> _INFORMATION SHOWN_
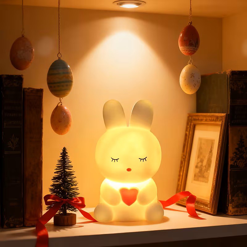 Cute Easter Bunny Night Light Battery Powered Glowing Bunny Lamp Home Decoration for Holiday Bedroom Bedside Table Living Room
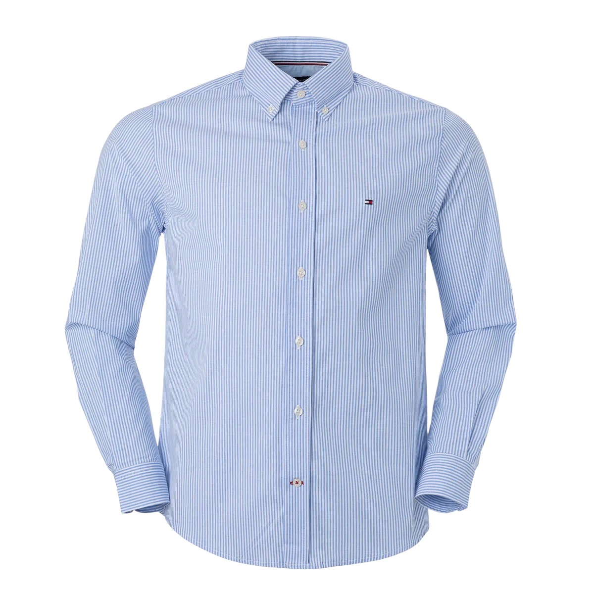 Camisa Tommy Hilfiger manga longa no modelo listrada na cor azul claro.
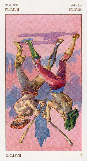 The 2 of Wands represents the research and digestion of a new idea. The number of this card and it's element are somewhat in conflict; while the 2 is focussed inwards, the Wand's element fire is outgoing. Fire wants to steam ahead while the blackbox 2 asks for patience.

> _EXERCISE AIM_
Skipping all images, print the data above a second time exactly.

> _ANSWER BOX_
 Cute Easter Bunny Night Light Battery Powered Glowing Bunny Lamp Home Decoration for Holiday Bedroom Bedside Table Living Room
 Camisa Tommy Hilfiger manga longa no modelo listrada na cor azul claro.
 The 2 of Wands represents the research and digestion of a new idea. The number of this card and it's element are somewhat in conflict; while the 2 is focussed inwards, the Wand's element fire is outgoing. Fire wants to steam ahead while the blackbox 2 asks for patience.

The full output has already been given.